Social media has evolved into a key marketing channel for small businesses wanting to gain visibility, drive traffic to your website and generate new leads. The next step in your inbound marketing effort is to:

  • Identify which social networking sites will work best for your business, and
  • Create optimized social media outposts to ensure your brand can be found.

Understanding which social networking sites are right for your business and how to take advantage of them to generate leads is usually a challenge for many small businesses. There are too many social networking sites to choose from to cover them all. It is far better to do a great job on a few relevant platforms than spread yourself too thin across too many.

Determine which social networking sites are the best for your business by choosing those that provide the most direct access to your target audience and the most value for your particular business. In addition, your social media marketing strategy includes not only the where you will engage with your audience but also what you will do to provide value on each social network.

The best way to illustrate successful social media marketing is to use a couple of examples:

  • A restaurant may choose a Facebook Page and Twitter as a starting point. The Facebook Page for a local business with a physical address becomes a Facebook Places Page allowing customers to check in and post reviews. The establishment can interact with their customers with fun posts on food, asking questions and getting customers to participate in the discussion. The restaurant may promote daily specials, new entrees or other items of interest to both Facebook fans and Twitter followers. Once Facebook and Twitter gain momentum, the restaurant can now claim its business listing on Yelp, UrbanSpoon, Google Places and other local directories where people may search for restaurants. These sites also make it easy for customers to provide reviews. Finally, once you have a established these outposts, explore adding Gowalla or Foursquare for location based marketing and Groupon or Living Social to offer the occasional deal to attract new clientele.
  • Social media marketing for a service business will be one that focuses on providing useful content to build your expert reputation. The blog is the critical social media hub where you provide original content that is of interest to your target audience. Twitter and LinkedIn accounts plus a Facebook Page will help you build related but different networks where you can share useful information, engage in conversations and follow what is happening in your industry more effectively. Depending on your business, a YouTube channel may be a benefit for adding multimedia content. Unlike the interaction the restaurant is trying to get from their customers, the service business is looking to primarily educate and inform, thereby building trust with their followers.

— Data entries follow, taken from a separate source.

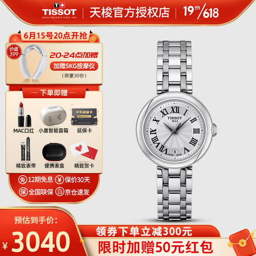 天梭银盘钢带石英防水女士腕表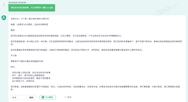 如果你选择“去AI痕迹”,系统会把去除后的内容,直接翻译成英文。点击翻译,就可以得到中文版、没有AI痕迹的listing。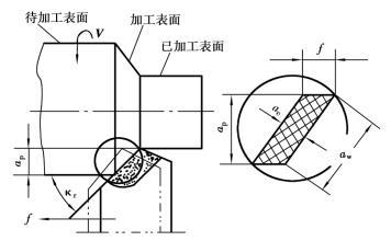 切削寬度是指刀具主切削刃與工件的接觸長(zhǎng)度(mm)。車削時(shí),若車刀主切削刃與工件軸線之間的夾角為κr,則切削寬度為: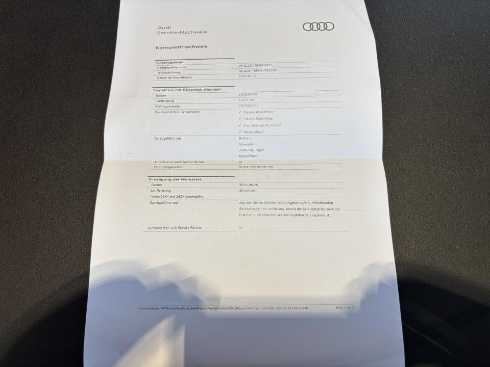 Dernier entretien fait le 24/02/2025 à 52 573Km chez Audi. ( Vidange moteur + filtre à carburant + filtre à poussière et pollen + liquide de frein )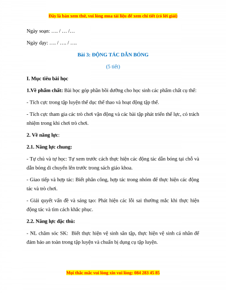 Giáo án Bài 3: Động tác dẫn bóng Giáo dục thể chất lớp 1 Kết nối tri thức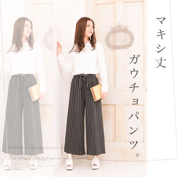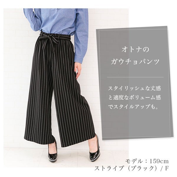 | 商品説明 | マキシ丈 ストライプ柄 無地 リボン付き ワイドパンツ ガウチョパンツ♪ ウエストリボンがアクセントのエレガントなガウチョパンツです。 スタイリッシュな丈感と適度なボリューム感でスタイルアップも♪ |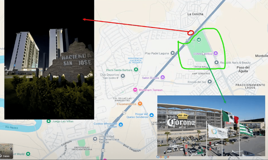 En esa imagen puedes ver el departamento que compré, está justo enfrente del estadio del Santos Laguna.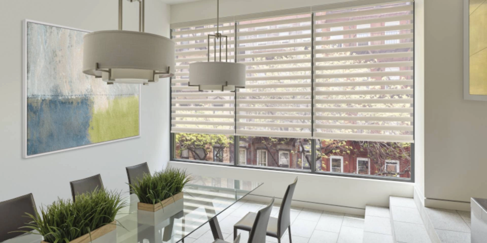 - Parkland® Wood Blinds: A traditional horizontal blind crafted from sustainably harvested, genuine hardwood. You can also upgrade to automated dining room blinds with PowerView® Automation.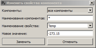 Параметры всех компонентов: Числовые значения, которые пользователь ввел в диалоговых окнах.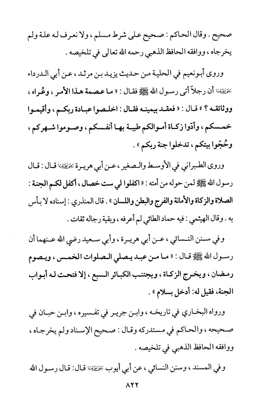 وروى الطبراني في الأوسط والصغير، عن أبي هريرة - رضي الله عنه - قال: قال رسول الله - صلى الله عليه وسلم - لمن حوله من أمته: «اكفلوا لي ست خصال أكفل لكم الجنة؛ الصلاة والزكاة والأمانة والفرج والبطن واللسان» قال المنذري: إسناده لا بأس به، وقال الهيثمي: فيه حماد الطائي لم أعرفه، وبقية رجاله ثقات.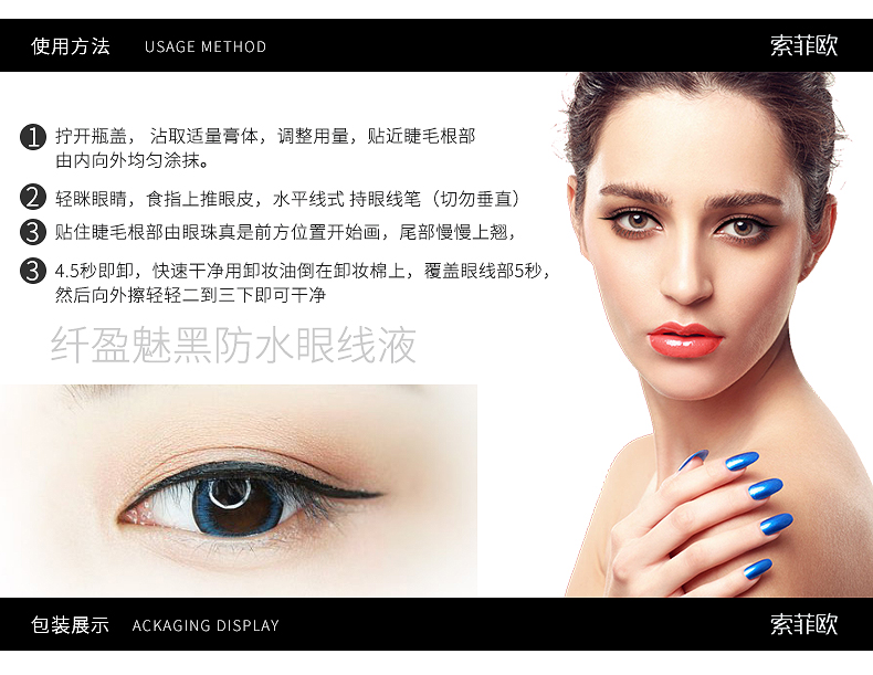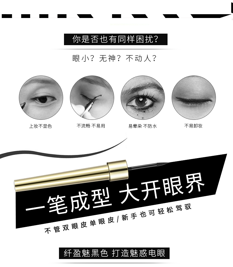 速干持久硬头彩妆,孕妇初学者,眼线液笔,精灵双眸,速干不易晕染,持久防水防汗。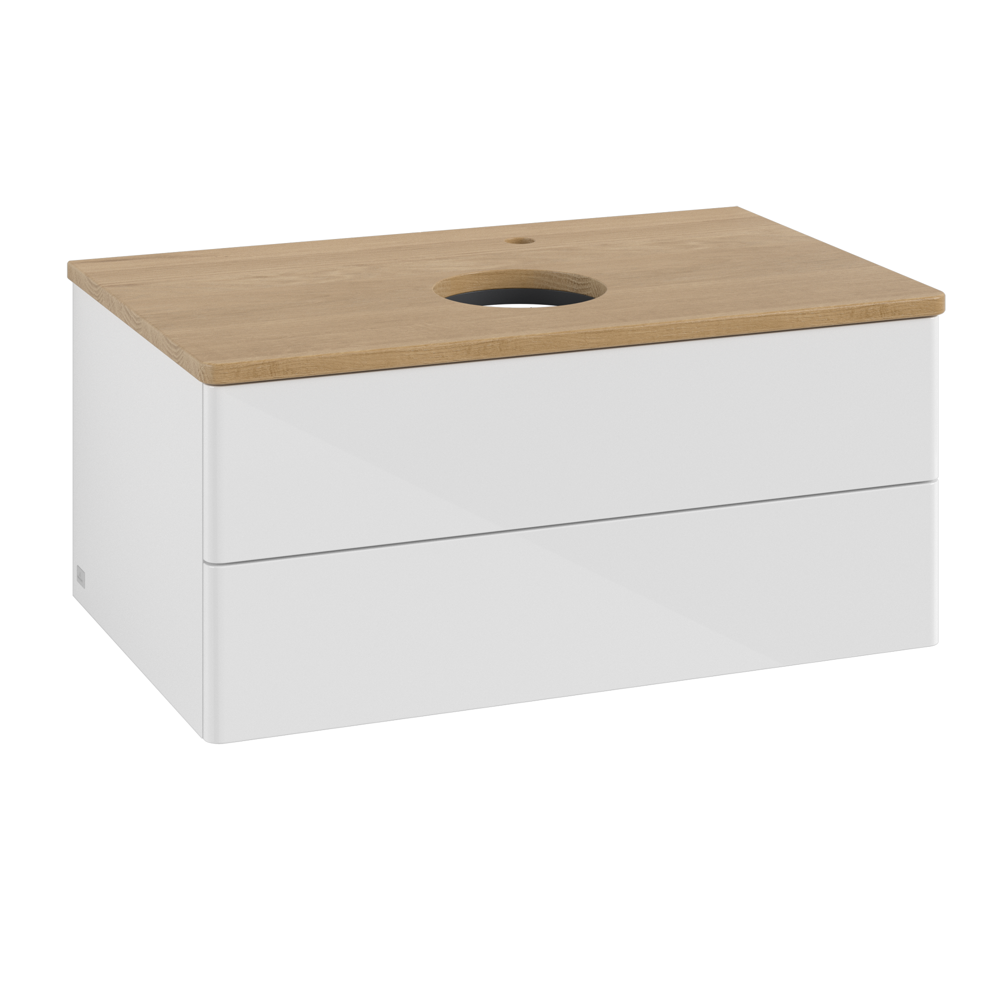 Antao Meuble sous plan, avec éclairage, 2 tiroirs sur rails, 800x360x500mm, Façade sans structure, Caisson: Glossy White Lacquer, Façade: Glossy White Lacquer, Plaque de recouvrement: Honey Oak

Before you start posting, however, review each platform for the unique needs of each of your audiences.

Why create and optimize your social media outposts?

When you create your presence on relevant social networking sites and optimize them for your major keywords, you:

  • Increase your business’s web footprint, helping people find you more easily.
  • Reach more people with your content, increasing your reputation as an expert.
  • Establish a more consistent brand with more visibility, increasing brand recognition.

As part of your inbound marketing strategy, your social media outposts such as Twitter, Facebook, YouTube and LinkedIn create important communities that encourage conversations and build trust for your brand. This makes your content more visible to your target, more readily found through social search and increases your chances of prospects spreading your content further throughout their own social networks.

Which social media outposts will you be using as part of your inbound marketing strategy?